Founder of the salt industry in Cape Cod, Massachusetts

John Sears (1744 – 1817) (colloquially known as Sleepy John Sears) was a salt producer in Massachusetts Bay Colony.

He was born in Yarmouth on the neck of Cape Cod and spent most of his life as a sea captain. He was known as Sleepy John because of his habit of falling asleep during the day.

In the years leading up to the Revolutionary War the colonists were concerned about the loss of salt imports from overseas which were vital for the preservation of meat and fish. The Continental Congress declared a bounty of one third of a dollar for each bushel (56 pounds weight) produced, but it was soon discovered that boiling down seawater to produce it was highly uneconomic.

John Sears adopted a different solution based on the evaporation of seawater in large wooden vats, which he constructed near his Cape Cod home in Dennis, Massachusetts. The process was inefficient and unrewarding at first, but he improved it by making the vats leakproof, providing moveable covers to keep out the rain and installing a salvaged bilge pump to draw water directly from the sea via leadlined wooden pipes. He profited considerably both from his production improvements and from the increase in the price of salt from 50 cents a bushel to $8 by the time the war finished in 1783. In 1785 he built a windmill to pump the water automatically from the sea.

He died in 1817 a relatively rich man and was buried in nearby West Brewster. His epitaph is inscribed “John Sears, Inventor of the Salt Works, Aged 72 y’rs". He had married his wife Phebe Sears on 26 Dec 1771 in Yarmouth and had 9 children.

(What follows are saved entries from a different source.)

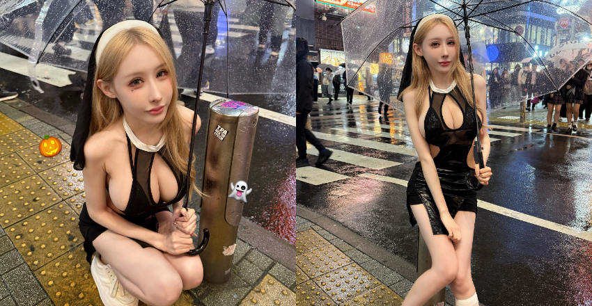 台灣這幾年也越來越注重萬聖節,許多地方都會舉辦變裝派對,但也有不少人選擇到國外感受氣氛。東京澀谷每年萬聖節周末,都會舉辦變裝遊行,JKF女郎Yui潔兒今年也到場共享盛舉,她化身暗黑修女,不僅爆乳還露出修長美腿,只是澀谷當天下雨,Yui潔兒原本扮當受傷的女優色色一波,卻變成瑟瑟發抖。
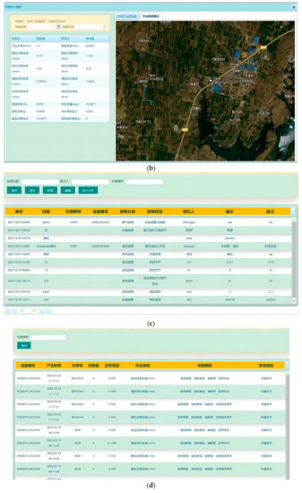 The platform could monitor the real-time machine operation information and display the machine operation trajectory. In the form of a table, the detailed historical working condition information of the terminal was displayed. The data changes of each monitoring point were displayed in the smallest granularity. When the server received the job data uploaded by the terminal device, it automatically analyzed the job data. It could automatically identify the abnormal operation status and automatically generate the fault diagnosis records. Subsequently, the administrator would comprehensively judge the real fault response of the working vehicle in combination with relevant information. The platform assigned relevant operation and maintenance personnel, arranged operation and maintenance personnel to repair the faulty vehicle, and recorded the repair results. The platform could realize the core functions of data monitoring, fault prediction, fault diagnosis, and comprehensive operation maintenance. This ensured that the combine harvester was always in the best condition, maximized production efficiency, and maintained a high quality of work.
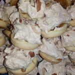 Взбиваем охлажденные белки миксером, добавляя постепенно сахар (лучше, конечно, сахарную пудру). Чтобы взбивалось лучше можно добавить лимонной кислоты. У меня после приготовления лимончелло оставалась проспиртованная лимонная цедра, пересыпанная сахаром. В дело ее! На кружки крема выкладываем цедру и безе, сверху присыпаем лепестками миндаля. На один противень ушла половина всего теста.
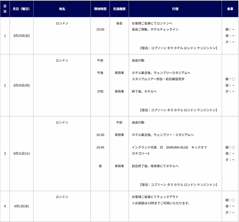 【販売概要】SAMURAI BLUE国際親善試合 日本サッカー協会オフィシャル観戦ツアー(3/29(日)出発)
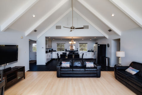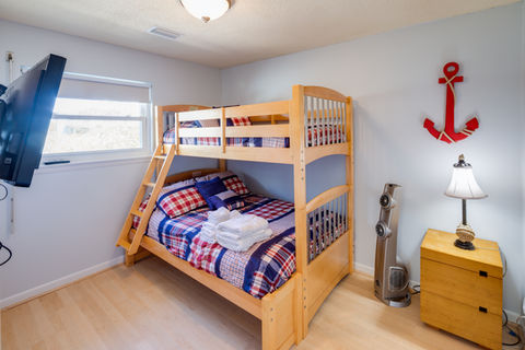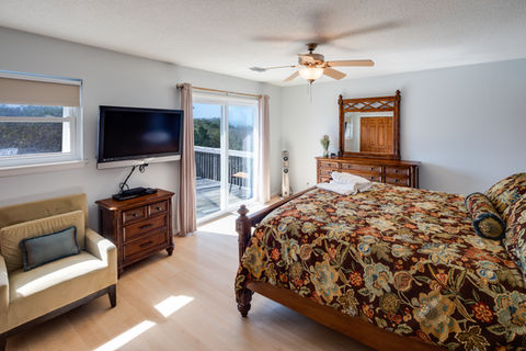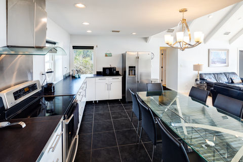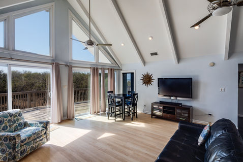 Sea Dunes is decorated with a modern beach theme throughout and as we mention above, nearly everything you touch is new. The home has hardwood floors throughout the living areas and tile in the bathrooms and kitchen. The kitchen is large with seating for eight at the dining table. In addition, there is also seating for four more in the large, open living room. The living room has a 50-inch LCD TV with DirecTV, blu-ray player and sound bar. Three of the four bedrooms also have LCD TVs and DirecTV with a 42-inch TV in the master bedroom.
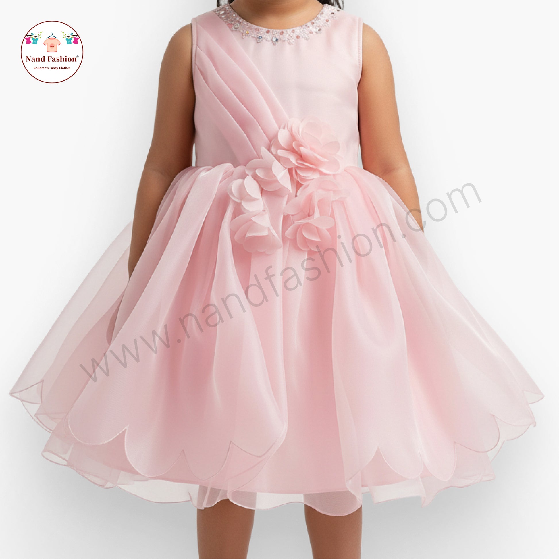 Celebrate your little one's special moments in this enchanting light pink party frock. Featuring an elegant pearl neckline and delicate floral design, this birthday dress combines sophistication with playful charm. The soft pink hue flatters all skin tones, while the thoughtfully craf

By the time of his death many other local people had followed him into vat based salt production and by 1837 there were in excess of 650 saltworks on Cape Cod alone, an industry that prospered until cheaper alternative sources became available in the 1800s. He is nowadays jointly commemorated, together with John Winthrop, Jnr, by the annual award from the Chemists' Club and Chemical Heritage Foundation of the Winthrop-Sears Medal, which recognizes entrepreneurial achievement in the chemical field.